#### Material for this exercise:
-*-*-
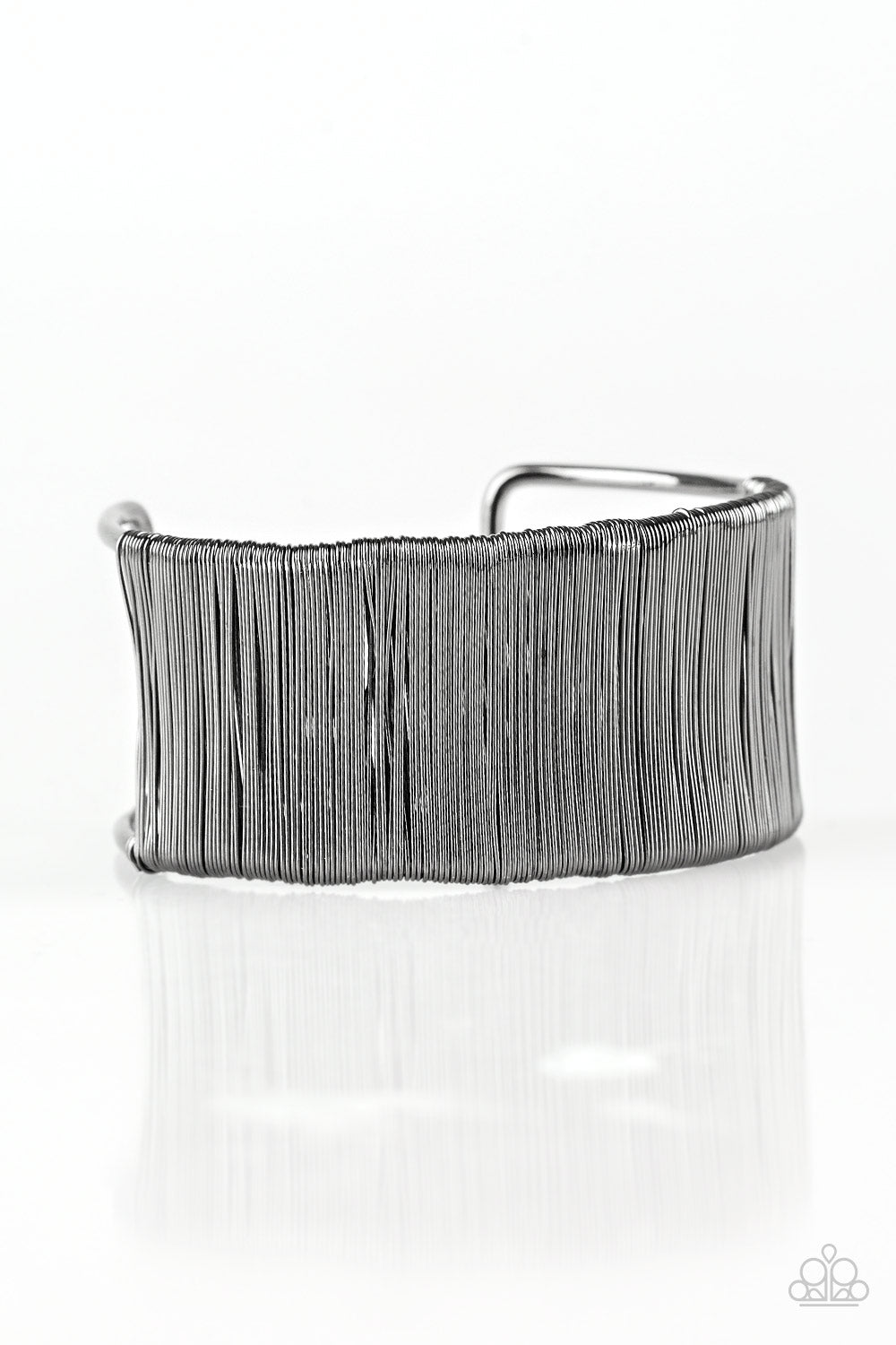Shiny gunmetal wire wraps around the center of an airy gunmetal frame, creating a bold industrial cuff.
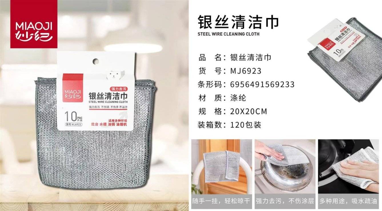 Miaoji 6923 мөнгөн утас цэвэрлэх алчуур 20 * 20CM (10 ширхэг) (1 ширхэг * 120 хайрцаг)
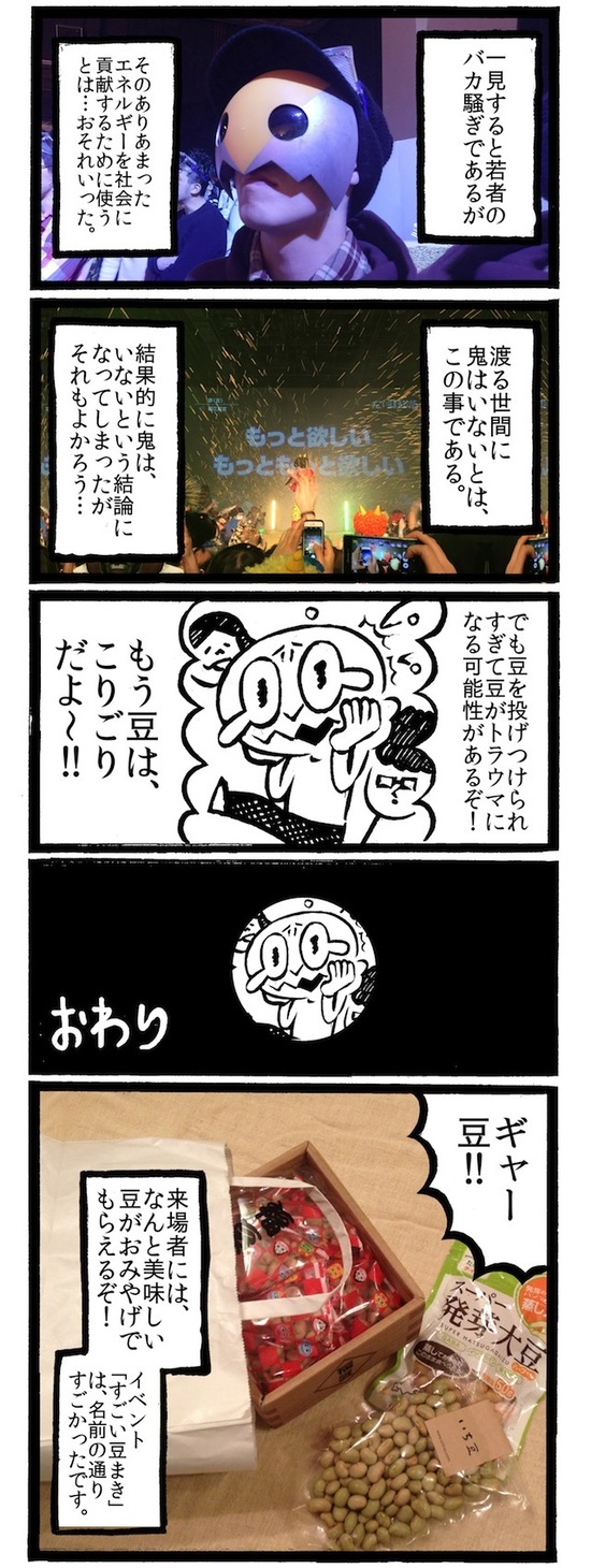 フォトギャラリー「すごい豆まき2015」の様子はコチラ カメントツ カメントツ X 仮面を被った漫画家ライターゆえにカメントツ。オモコロでもマンガを描いているという噂がある。仮面凸ポータルから呼ばれればどんなときも予定があいてれば駆け付けるぞ。 過去の記事 そこそこ仕事をもらえるようになったWeb漫画家のリアル 青春を取り戻せ!! 今さらじゃない、今だからこそ"あゆのライブ"へ行ってみた 【黒歴史】大学デビューではっちゃけすぎると後でめちゃめちゃ後悔するぞ! X Facebook « 1 2 3 関連記事 戦後、祖父がコスプレした理由が壮絶過ぎた 米国で過ごした幼少時代、ぼくをイジメから救ってくれたのはハイパーヨーヨーでした 海外を例に上げるのはやめませんか? もう何でも自分の話に持っていくのはやめませんか? 【関西人限定】もう下手な関西弁に怒るのはやめませんか? もう「女って怖い」は卒業しませんか? 銭湯神ヨッピーが語る!見ると銭湯に行きたくなる最高の入浴法 焦点工房、第二回Nikon系YouTuber「勝手にファンみぃてぃんぐ」に出展 >バーグハンバーグバーグオモトピア漫画イベント東京タワー豆まき
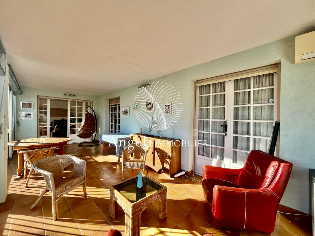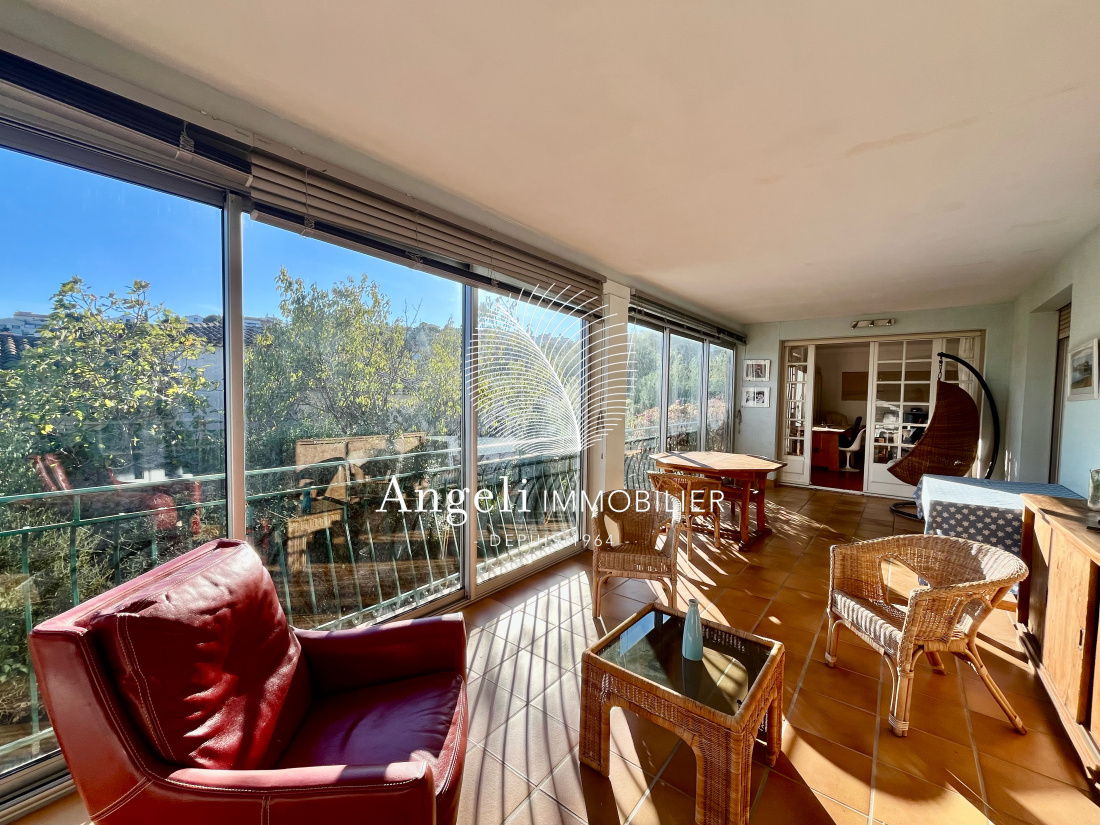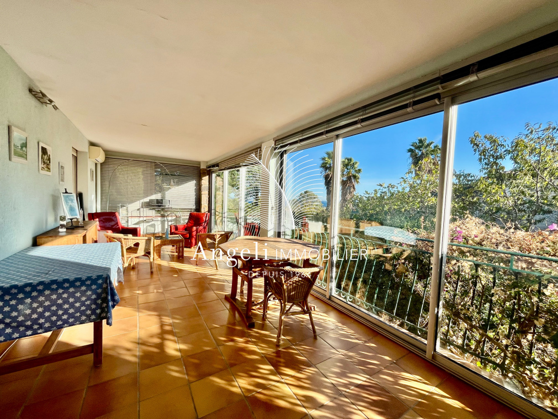 Sur un terrain d'une surface de 1207m², villa composée de plusieurs logements :- Le premier, composé de : une entrée, buanderie, cuisine, séjour avec cheminée, véranda vue mer, wc indépendant lave mains, trois chambres, une salle de bains douche/baignoire. - En rez de jardin - au niveau de la piscine : trois appartements: un deux pièces avec cuisine, séjour, chambre, salle d'eau/wc. Un studio. Un deux pièces avec cuisine, séjour, salle d'eau/wc. Garage avec machinerie. Cave. Piscine traditionelle au sel. Abri de jardin.
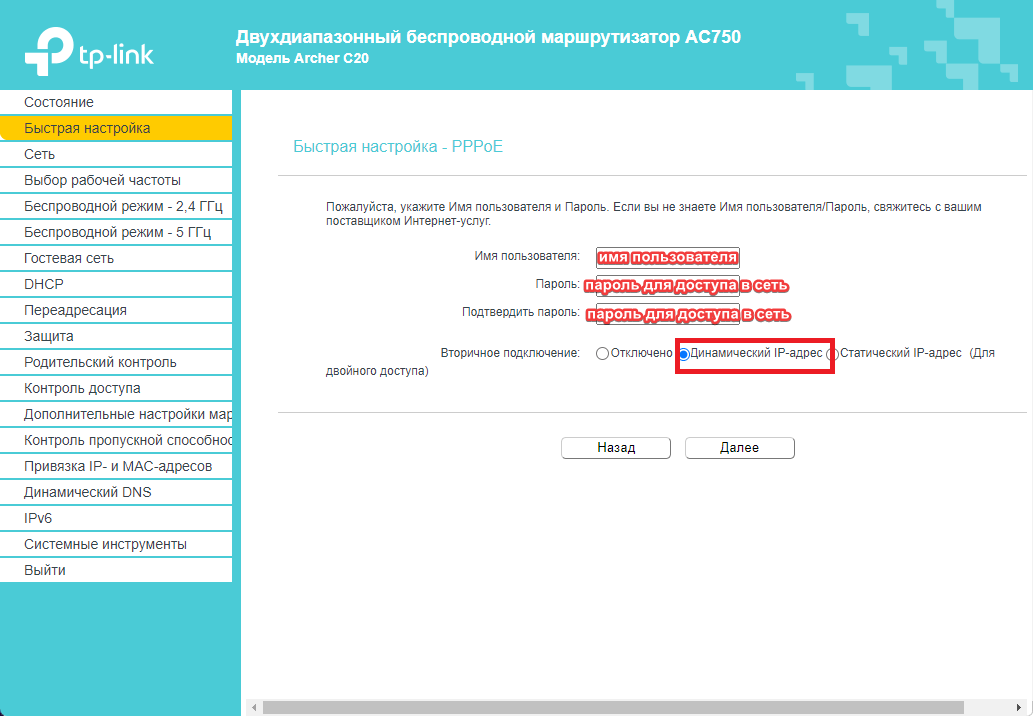 • Слева в столбце нажимаем «Быстрая настройка, PPPoE»
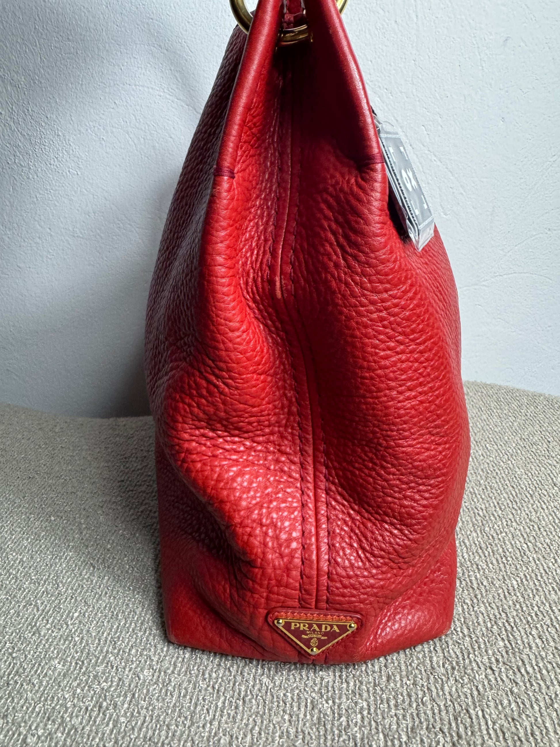 Diese elegante Prada Tasche aus hochwertigem rotem Leder überzeugt durch ihr zeitloses Design und die charakteristische Prägung mit dem PRADA Milano-Logo auf der Front. Die weiche Lederstruktur verleiht der Tasche eine edle Optik und macht sie zu einem stilvollen Begleiter für Alltag und besondere Anlässe.
-*-*-
#### Work instructions:
Omit the pictures and write out the lines above from the one with "Sur un terrain" through the last, unchanged.

#### Response to the exercise:
 Sur un terrain d'une surface de 1207m², villa composée de plusieurs logements :- Le premier, composé de : une entrée, buanderie, cuisine, séjour avec cheminée, véranda vue mer, wc indépendant lave mains, trois chambres, une salle de bains douche/baignoire. - En rez de jardin - au niveau de la piscine : trois appartements: un deux pièces avec cuisine, séjour, chambre, salle d'eau/wc. Un studio. Un deux pièces avec cuisine, séjour, salle d'eau/wc. Garage avec machinerie. Cave. Piscine traditionelle au sel. Abri de jardin.
 • Слева в столбце нажимаем «Быстрая настройка, PPPoE»
 Diese elegante Prada Tasche aus hochwertigem rotem Leder überzeugt durch ihr zeitloses Design und die charakteristische Prägung mit dem PRADA Milano-Logo auf der Front. Die weiche Lederstruktur verleiht der Tasche eine edle Optik und macht sie zu einem stilvollen Begleiter für Alltag und besondere Anlässe.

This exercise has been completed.